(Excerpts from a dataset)
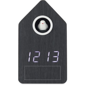 Orologio a cucù in MDF con sveglia integrata e display della temperatura. L'uccello esce e ha la...
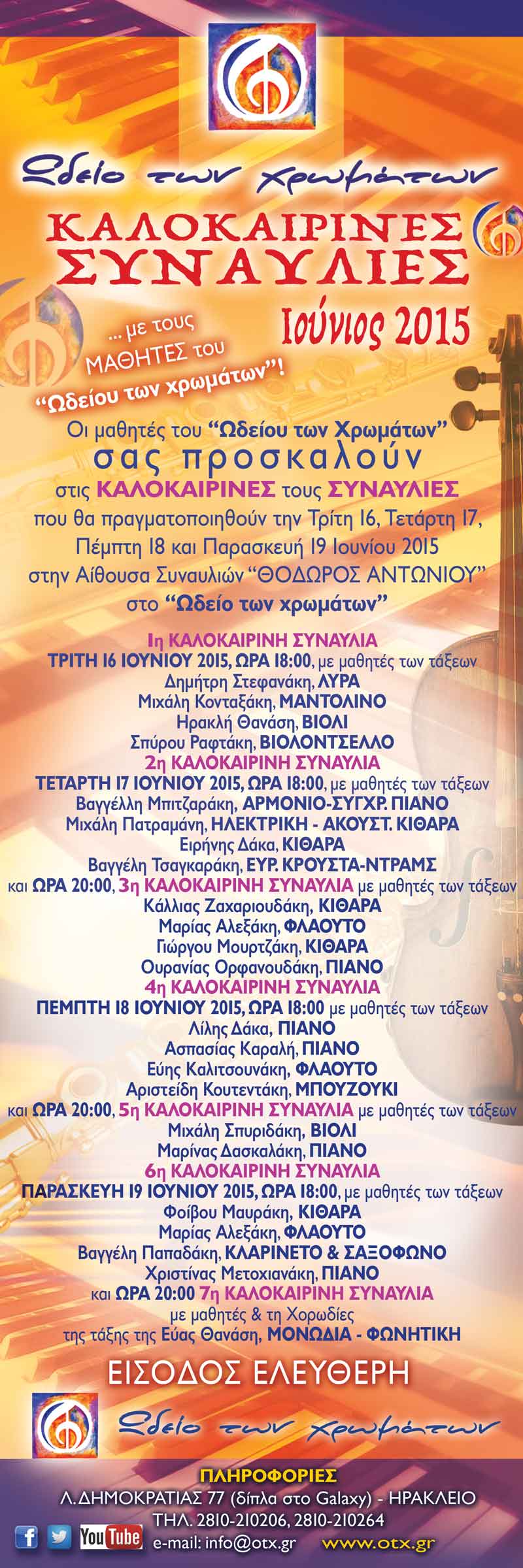 4η ΣΥΝΑΥΛΙΑ, την ΤΕΤΑΡΤΗ 18 ΙΟΥΝΙΟΥ 2015 και ώρα 18:00 με τους μαθητές των καθηγητών Λίλης Δάκα - ΠΙΑΝΟ, Ασπασίας Καραλή - ΠΙΑΝΟ, Εύης Καλιτσουνάκη - ΦΛΑΟΥΤΟ, Αριστείδη Κουτεντάκη - ΜΠΟΥΖΟΥΚΙ...και την ίδια μέρα η 5η ΣΥΝΑΥΛΙΑ, ώρα 20:00 με τους μαθητές των καθηγητών Μιχάλη Σπυριδάκη - ΒΙΟΛΙ, Μαρίνας Δασκαλάκη ΠΙΑΝΟ.
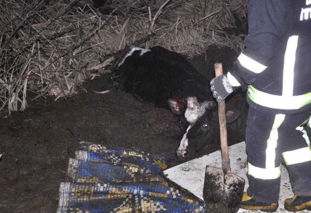 Bursa’nın İnegöl ilçesinde bataklığa saplanan inek, itfaiye ekipleri tarafından kurtarıldı.Edinilen bilgilere göre, Şipali Mahallesi girişinde etrafı tel örgüyle çevrili alanda otlayan 10 büyükbaş hayvandan biri, tel örgülerin üzerinden atlayarak kaçtı. Gece karanlığında Bedre Deresi kenarındaki bataklığa giren inek, kurtulmak için çırpındıkça iyice battı. Beline kadar bataklığa saplanan hayvan bağırmaya başlarken, sesi duyan hayvan yetiştirme tesisinin sahibi Kenan Hakandal dereye doğru yaklaştığında bataklığa saplanan ineği gördü. İş yeri sahibi ve ailesi bataklığa saplanan hayvanı kurtarmak isterken boynuzunu kırdılar. Hayvanı kurtaramayan Kenan Hakandal, İnegöl itfaiyesini aradı. Olay yerine gelen itfaiye ekipleri, bataklığa saplanan ineği halatlar ile saplandığı yerden kurtardı. Yoğun uğraşlar sonucunda kurtarılan inek sahibine teslim edildi. İneğine kavuşan Hakandal, itfaiye ekiplerine teşekkür etti.
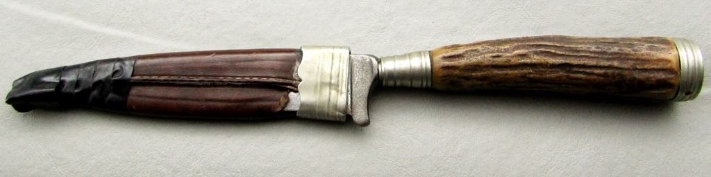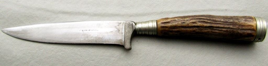 SHEATH. SLIGHT DAMAGED KNIFE. MARKED FEIN STAHL. HUNTING/FISHING KNIFE. 5 INCH BLADE.
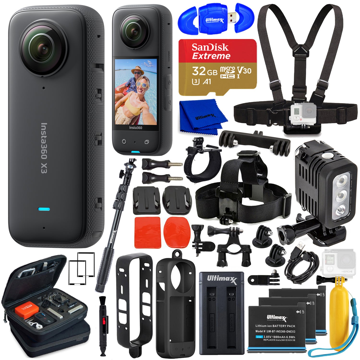 Insta360 X3 5.7K 360° Waterproof Touch Screen Action Camera - 25PC 32GB Bundle
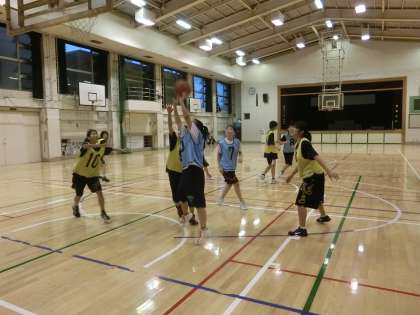 15時から女子バスケットボール部が活動しています。2メンや3メンのあと、5対5のゲーム形式の練習をしています。スクリーンをかけたり、ドライブに合わせて動いたり、練習でやっていることをゲームの中で試そうとしていました。(遠藤)
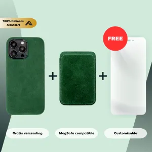 Alcantara bundel – iPhone 15 Pro Max – Alcantara Case + MagSafe Wallet + Gratis Screenprotector | Emerald Green
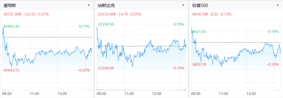 周二(9月16日),美股三大指数小幅收跌,道琼斯指数收盘下跌125.18点,跌幅0.27%,报45758.27点;标普500指数收盘下跌8.49点,跌幅0.13%,报6606.79点;纳斯达克综合指数收盘下跌14.79点,跌幅0.07%,报22333.96点。
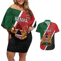 Personalised Kenya Couples Matching Off Shoulder Short Dress and Hawaiian Shirt Coat Of Arms Mix Flag Style

→ What you need to do
Pictures must be left out when the records are transcribed exactly.

→ Response below
 Orologio a cucù in MDF con sveglia integrata e display della temperatura. L'uccello esce e ha la...
 4η ΣΥΝΑΥΛΙΑ, την ΤΕΤΑΡΤΗ 18 ΙΟΥΝΙΟΥ 2015 και ώρα 18:00 με τους μαθητές των καθηγητών Λίλης Δάκα - ΠΙΑΝΟ, Ασπασίας Καραλή - ΠΙΑΝΟ, Εύης Καλιτσουνάκη - ΦΛΑΟΥΤΟ, Αριστείδη Κουτεντάκη - ΜΠΟΥΖΟΥΚΙ...και την ίδια μέρα η 5η ΣΥΝΑΥΛΙΑ, ώρα 20:00 με τους μαθητές των καθηγητών Μιχάλη Σπυριδάκη - ΒΙΟΛΙ, Μαρίνας Δασκαλάκη ΠΙΑΝΟ.
 Bursa’nın İnegöl ilçesinde bataklığa saplanan inek, itfaiye ekipleri tarafından kurtarıldı.Edinilen bilgilere göre, Şipali Mahallesi girişinde etrafı tel örgüyle çevrili alanda otlayan 10 büyükbaş hayvandan biri, tel örgülerin üzerinden atlayarak kaçtı. Gece karanlığında Bedre Deresi kenarındaki bataklığa giren inek, kurtulmak için çırpındıkça iyice battı. Beline kadar bataklığa saplanan hayvan bağırmaya başlarken, sesi duyan hayvan yetiştirme tesisinin sahibi Kenan Hakandal dereye doğru yaklaştığında bataklığa saplanan ineği gördü. İş yeri sahibi ve ailesi bataklığa saplanan hayvanı kurtarmak isterken boynuzunu kırdılar. Hayvanı kurtaramayan Kenan Hakandal, İnegöl itfaiyesini aradı. Olay yerine gelen itfaiye ekipleri, bataklığa saplanan ineği halatlar ile saplandığı yerden kurtardı. Yoğun uğraşlar sonucunda kurtarılan inek sahibine teslim edildi. İneğine kavuşan Hakandal, itfaiye ekiplerine teşekkür etti.
 SHEATH. SLIGHT DAMAGED KNIFE. MARKED FEIN STAHL. HUNTING/FISHING KNIFE. 5 INCH BLADE.
 Insta360 X3 5.7K 360° Waterproof Touch Screen Action Camera - 25PC 32GB Bundle
 15時から女子バスケットボール部が活動しています。2メンや3メンのあと、5対5のゲーム形式の練習をしています。スクリーンをかけたり、ドライブに合わせて動いたり、練習でやっていることをゲームの中で試そうとしていました。(遠藤)
 Alcantara bundel – iPhone 15 Pro Max – Alcantara Case + MagSafe Wallet + Gratis Screenprotector | Emerald Green
 周二(9月16日),美股三大指数小幅收跌,道琼斯指数收盘下跌125.18点,跌幅0.27%,报45758.27点;标普500指数收盘下跌8.49点,跌幅0.13%,报6606.79点;纳斯达克综合指数收盘下跌14.79点,跌幅0.07%,报22333.96点。
 Personalised Kenya Couples Matching Off Shoulder Short Dress and Hawaiian Shirt Coat Of Arms Mix Flag Style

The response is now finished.